David Lehman on "Drunken Winter" by Joseph Ceravolo (born today):
Oak oak! like like
it then
cold some wild paddle
so sky then;
flea you say
“geese geese” the boy
June of winter
of again
Oak sky
-- Joseph Ceravolo
Joseph Ceravolo is a great overlooked American poet. Born in the Astoria section of Queens, New York, in 1934, Ceravolo began writing poetry while serving in the U. S. Army in Germany in 1957. He wrote his first poems while on all-night guard duty in a stockade tower. A civil engineer by trade, he studied with Kenneth Koch at the New School in New York City in 1959. Koch's teaching had a strong and lasting influence on him. Frank O'Hara called him "one of the most important poets around," and it was fitting that Ceravolo's debut collection, "Spring in this World of Poor Mutts," won the first Frank O'Hara Award in 1968.
Though little known, Ceravolo’s work is admired intensely by those who know it. David Shapiro calls Ceravolo “the best religious poet writing in the English language.” Asked to name his three favorite poets, Jordan Davis begins with Ceravolo then tacks on Whitman and William Carlos Williams. “The Green Lake is Awake,” a posthumous volume of Ceravolo’s selected poems, won favorable notices in 1994.
Nevertheless Ceravolo remains a secret ardor in part because the New York School as an entity or category has until perhaps recently eluded academic attention. I love his simplicity – his apparent simplicity, I should say. In reality Ceravolo is, as he writes in his poem “Happiness in the Trees,” “no more / simple than a cedar tree / whose children change / the interesting earth / and promise to shake her / before the wind blows / away from you /in the velocity of rest.”
Ceravolo uses mostly simple words of few syllables. The effect of their conjunction is startling. He makes the words seem as actual as objects and as strange. In some instances he resembles a painter who has limited his palette to a few colors used in dazzling combination. In "Drunken Winter," look at how the poem punctuates space. The meaning is in the arrangement. The line breaks, the syntactical breakdown, the spacing, the incidental punctuation (exclamation point, quotation marks) are crucial to our experience of the poem. It's as though a complicated narrative has been reduced to bare essentials delivered breathlessly, and what is communicated is not an anecdote but a stammering excitement charging the words themselves.
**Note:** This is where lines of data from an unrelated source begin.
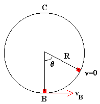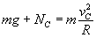 Ahora bien, si la velocidad de la partícula en la posición C es inferior a un valor mínimo, no describirá el bucle. De las ecuaciones de la dinámica del movimiento circular tenemos que Siendo NC la fuerza normal en C, o fuerza que ejerce el raíl sobre la partícula en dicha posición. La velocidad mínima se obtiene cuando NC=0.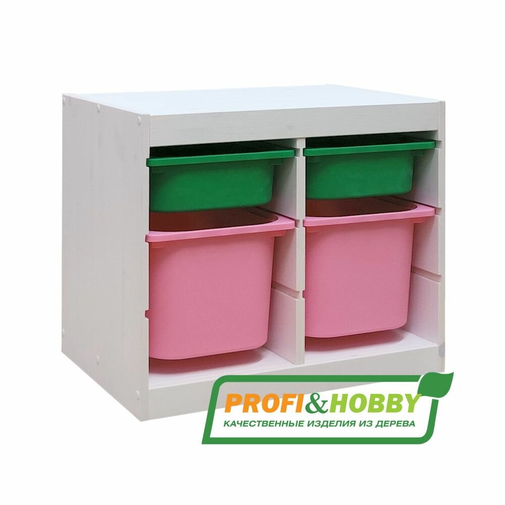 Белый стеллаж труфаст 63х44х52 с зелёными (2 шт) и розовыми (2 шт) контейнерами: сравнение цен, характеристики, фото, актуальное наличие и цены.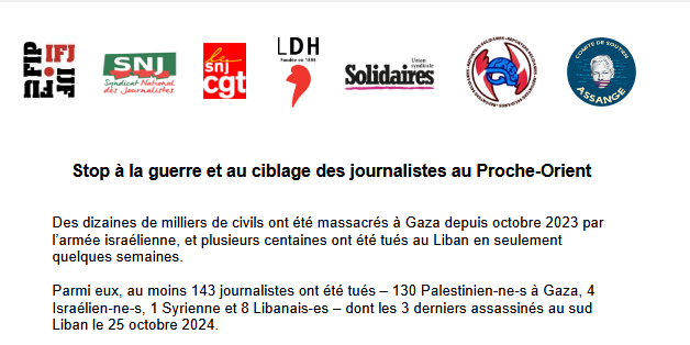 Parmi eux, au moins 143 journalistes ont été tués – 130 Palestinien-ne-s à Gaza, 4 Israélien-ne-s, 1 Syrienne et 8 Libanais-es – dont les 3 derniers assassinés au sud Liban le 25 octobre 2024.
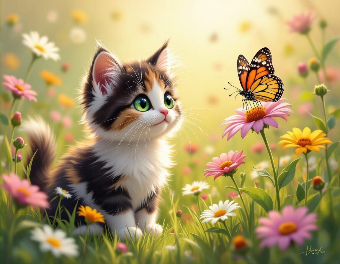 A digital rendering of a fluffy calico kitten with big green eyes in a wildflower garden, watching a butterfly. The image showcases a whimsical and dreamy aesthetic with bright colors.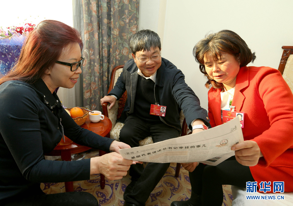 2016年3月12日,全国人大代表杨莉、胡建文、雷冬竹(从右至左)在驻地讨论报纸上的两会新闻。湖南省岳阳市屈原管理区凤凰村村委会主任杨莉,连续当选为十一届和十二届全国人大代表。她表示,一名来自基层的全国人大代表要履好职、当好代表,简单说来就是用心,要当好“三人”。要做“明白人”,明白自己的职责,做到明明白白履职,扎扎实实为民;要做“贴心人”,深入基层,全面准确把握社情民意,如实反映群众的心声;要做“实在人”,有对党对人民高度负责的主人翁态度,实事求是调查研究。杨莉认为,提出好的议案、建议是用心履职的基本表现。好的议案、建议不仅需要提出问题,还要给出有针对性的解决方案。10年来,她提交的建议和意见涉及农村建设、农村教育等方面,近200条,其中《关于加大对农村水利建设投入的建议》等10条建议被全国人大列为重点建议。杨莉说,重视调研是用心履职的一项重要内容。这些年,她自费走访了湘、鄂、赣、粤、鲁五省的60多个乡镇进行调研,运用手机短信、电子邮箱等方式收集百姓关心的问题及解决问题的意见和建议。杨莉生长在洞庭湖畔的农村,她通过多次走访调研,提出的《关于湖区渔民上岸安置和解困工作的建议》最终推动解决了渔民上岸生活的问题。2013年,杨莉对湖南、湖北境内农村河渠进行调研后提出的《关于疏浚河渠、解决农村水利建设难题的建议》被全国人大列为重点处理建议。随着我国农村情况的不断变化,杨莉的关注点和着力点也在转变,由关注解决农村人口温饱问题,利用现代农业科技帮助农村人口脱贫,转化为关注农村产业发展,让农村群众走上致富路。从2013年至2017年,记者用连续五年的影像记录了杨莉用心履职的点点滴滴。新华社记者 陈建力 摄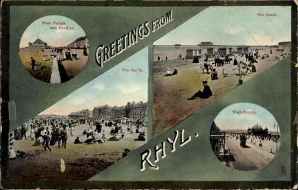 GREETINGS FROM RHYL, 4 insets WEST PARADE AND PAVILION and THE SANDS and THE SANDS and WEST PARADE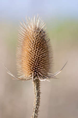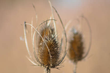 Close up of dry thistle flowerhead. Dipsacus sativus, wild teasel dried head in nature,selective focus, beige bokeh background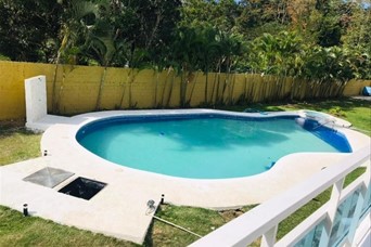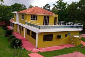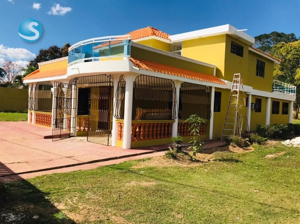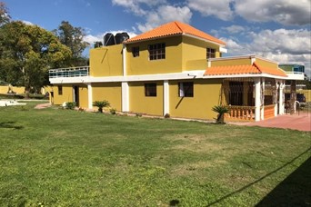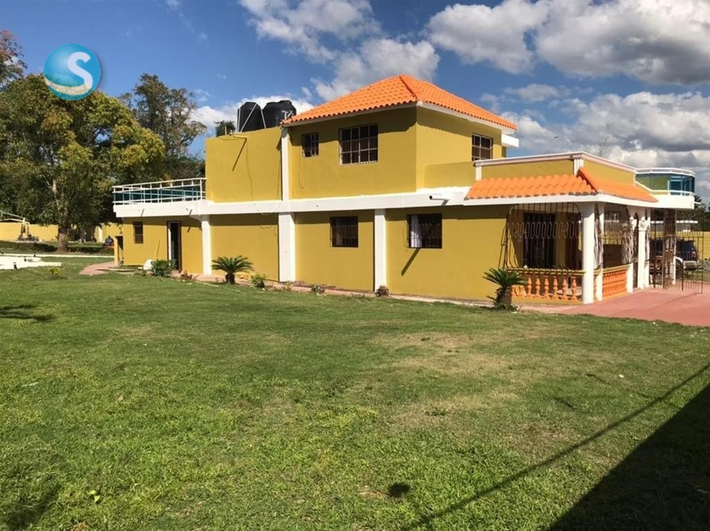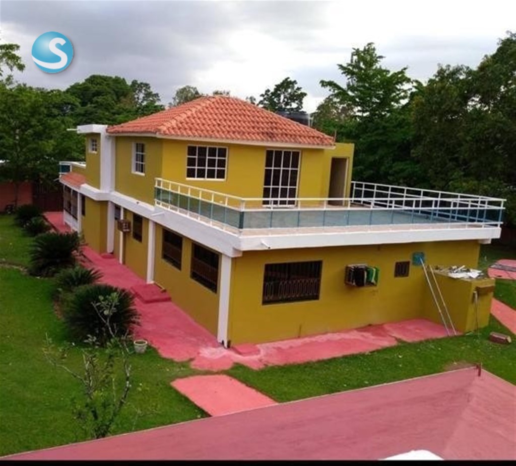 Villa campestre en don juan bayaguana con terreno de 7,304 metros de terreno y 463 mts de construccion en dos plantas. 5 habitaciones 5 banos sala comedor cocina estar galeria area lavado salon actividades balcon tipo terraza piscina cancha area recreacion gazebo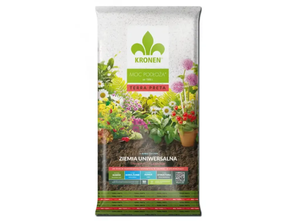 KRONEN® TERRA PRETA ziemia uniwersalna do roślin ogrodowych i domowych w gruncie i w pojemnikach jest przeznaczona do sadzenia i przesadzania wielu gatunków roślin zielonych i kwitnących, warzyw, ziół, bylin, iglaków w domach na balkonach, tarasach i w ogrodach (z wyjątkiem roślin kwaśnolubnych). Ma wiele zalet dla roślin i dla środowiska. BEZ TORFU

In this and other poems, Ceravolo displays an uncanny ability to convey the child’s conception of the world. The child seems older in “The Wind Is Blowing West”:
I’ve been waiting in my tent
Expecting to go in.
Have you forgotten to come down?
Can I escape going in?
I was just coming
I was just going in.
Ceravolo pushes the laconic style to achieve a sublime innocence. A six-line poem begins: “O moon / How ghost you are.” All the pathos of childhood informs the moment in “Ho Ho Ho Caribou” when the speaker says, “Like a flower, little light, you open / and we make believe / we die.”
Ceravolo’s poems are lean, full of working nouns and verbs stripped of modifiers. He is unafraid to end a poem abruptly. He can move from whimsy to high tension in a line. Yet none of this finally explains the magic of these poems – how they transform the commonplace into the extraordinary or why they make this reader feel he is in the presence of a natural poet, for whom poems came as freely as leaves to the tree.
Ceravolo lived quietly with his wife and three children in Bloomfield, New Jersey. He avoided the “poetry world” beyond the local. He was 54 when he died of an inoperable tumor on September 4, 1988.
- David Lehman, 2002
Joseph Ceravolo (1934-1988). "Drunken Winter" (1967) owes its effect to "the things in it," Kenneth Koch felt. "Even the words like like seem thinglike." See The Oxford Book of American Poetry for this and other poems by this extraordinary talent. Jose[ph Ceravolo’s Collected Poems was published by Wesleyan University Press in 2013.
I cannot perceive what you or Koch or O'Hara or anyone else can appreciate in this poem. It seems to me to exemplify what people hate in modern poetry: no music, no meaning; no beauty; no intelligence. Is it some kind of inside joke among NY School poets? You owe it to your readers to take them through a line by line understanding of its worth. (I also saw nothing o merit in the Oxford anthology inclusions.)
Posted by: Glen Hartley | April 30, 2018 at 04:57 PM
This is what is known as bad poetry, which as agents we get every week from would-be poets. Does a random assemblage of words make that aesthetic? Bad enough at the opposite end we get those who can write decent prose in small quantities. And so many are would-be stand-up comedians posing as poets.
I might add here that the new poetry editor of the NYer seems so far to have exercised poor taste if he is responsible for the past 2 or 3 weeks. You can't even call what he has published poetry.